Бернер вышел на сцену как раз в ту минуту, когда Карл Фроме с мелодраматическим пафосом говорил:

– У этих варваров пушки и винтовки, но они мало им помогут; наше оружие – избирательные бюллетени; в них совесть и воля народа. И наше оружие сильнее пушек.

– Браво! – громко крикнул Бернер и принялся аплодировать. Но лишь немногие последовали его примеру. Бернер присел к столу президиума; за стеклами очков его маленькие, прищуренные глазки подозрительно, почти враждебно скользили по толпе.

Глава пятая


1

Верный своему намерению, Карл Брентен с головой окунулся в политическую работу. Все вечера он посвящал только подготовке к выборам. Собрания, совещания, уличная агитация следовали друг за другом непрерывной чередой. Даже скат был заброшен. Разговоры вращались исключительно вокруг политических вопросов и новостей. Так всегда бывало в предвыборные кампании. За пятилетним отливом следовал пятинедельный прилив. Брентен носился по лестницам, раздавал листовки, в день выборов стоял с плакатом перед избирательным участком, а вечером вместе с представителями буржуазных партий присутствовал при подсчете голосов. Так как в Гамбурге на протяжении последних двух десятилетий почти всегда побеждали кандидаты социал-демократической партии, то после выборов обычно два-три дня пили во славу победы, а затем… затем жизнь снова медленно входила в свою привычную колею.

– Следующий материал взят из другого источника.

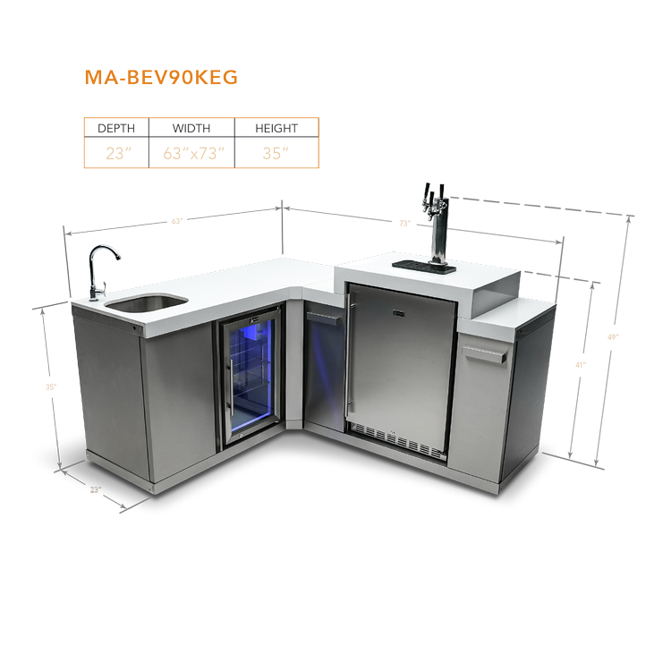 Mont Alpi Beverage Center with 90-Degree Corner and Kegerator - MA-BEV90KEG

В эти дни, полные предвыборного оживления и шума, Карл Брентен оказался, можно сказать, в центре внимания всего цеха. Была опубликована беседа Хардекопфа с Августом Бебелем, и Брентен грелся в лучах славы своего тестя.

Подкручивая усы, толстяк Антон задумчиво говорил:

– Что ж, Карл, теперь ты, наверное, скоро совсем перейдешь на политическую работу, а?

Брентен смущенно улыбался.

– Может быть, и в бюргершафт попадешь, а?

– Брось пустяки болтать, – отвечал Брентен, наклоняясь над горкой табака, чтобы скрыть краску, заливавшую лицо.

И в литейном цехе на верфях все расспрашивали Хардекопфа о подробностях его беседы с Бебелем. Рабочие приходили пожать руку Хардекопфу, гордясь тем, что Бебель беседовал с одним из их товарищей. Даже мастер Пельброк спросил:

– Вы, наверное, давно знаете Бебеля, Хардекопф?

– О да, лет тридцать.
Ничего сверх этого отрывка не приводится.